There have been 10,000 impressions on twitter and 6,000 views on GitHub.
Now translated into
French, German, Italian, Dutch, Korean, Chinese, Turkish, Welsh
Its meant that we can count on the support from those at the top of our organisation and we’re setting standards right across government and beyond.
Its been a great lever to raise best practice and we now include people with access needs in all our work. This is routine – its just what we do now.
How have we left our mark on Citizens?
The most important thing. Helps the rest of government to build better services. GDS set up the service standard. Sometimes a crude implement – but so important.
Every service must pass 18 points. Assessed at each stage – alpha, beta live. At GDS – with a panel. It’s a very tough assessment.
Without a mandate for change from the top – we could never have achieved what we have in the UK govt.
When rolling this out to all the delivery teams in government it makes sense to keep things simple.
Ask for very specific things and use numbers
Advice like this. Simple, straightforward.
We have one user researcher per team – and one interaction designer, and one content designer.
These are huge services used my millions of people. It’s critical to ensure services are properly resourced.
Make sure research happens in every sprint, with at least 5 real people who use the service.
GDS also gives support and help. This is the design patterns hackpad. It is an incredible resource to anyone designing digital services.
Working in the open.
Over 1,200 members contributing to design patterns.
An example of how we have used this approach to make better services. The E-Visa Waiver was a service which meant to make it easier for people to come to the UK.
But people were making errors on the form and getting stopped at the airport. This was damaging our reputation and costing the UK £3,000 for each lost visitor.
We carried out extensive user research – in UK and in Kuwait and UAE
Why were users were making mistakes on the form? Things like their name.
Our research showed us that arabic names do not fit western formats.
So we changed the way we ask people to give us the information.
And case workers can check names against what they see in the passport.
It means they make less mistakes.
Which is better for everyone.
Objective was to replace a paper service. There were 41 pages of guidance notes and 4 pages of form to fill out.
Great new idea to allow people to take their own photos and make applications online.
We did lots and lots of usability testing.
Thought really carefully about the design – gave step by step instructions.
But we got this wrong too.
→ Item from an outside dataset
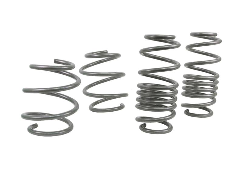 Whiteline Springs deliver improved vehicle performance whilst maintaining safety and ride quality characteristics. By lowering the vehicles centre of gravity the unique combination of linear and progressive rate coil springs not only improve performance but enhance overall appearance. Developed and manufactured in Europe from the highest quality materials coating and to the finest tolerances guaranteeing exact fitment. Whiteline Springs are engineered for optimal balance with OEM and aftermarket shocks. For total grip activation match with Whiteline Sway Bar and Essentials kit for unrivalled handling and optimal vehicle performance.

Although we had done lots of usability testing but we’d started access needs too late.
Access needs fall into 4 areas - we also must consider a 5th: People with facial disfigurements.
We found that what seemed completely reasonable for most people – became an impossible blocker for someone who is blind.
They often have closed eyes.
Or if you are in a wheelchair.
People with facial disfigurements cannot use the service.
Imagine telling someone the way they look is not approved?
When this is what they look like.
So we made changes to make it work for everyone.
It’s a privilege to be working on services that affect so many people.
And we are proud to say we are leaving our mark on millions of people.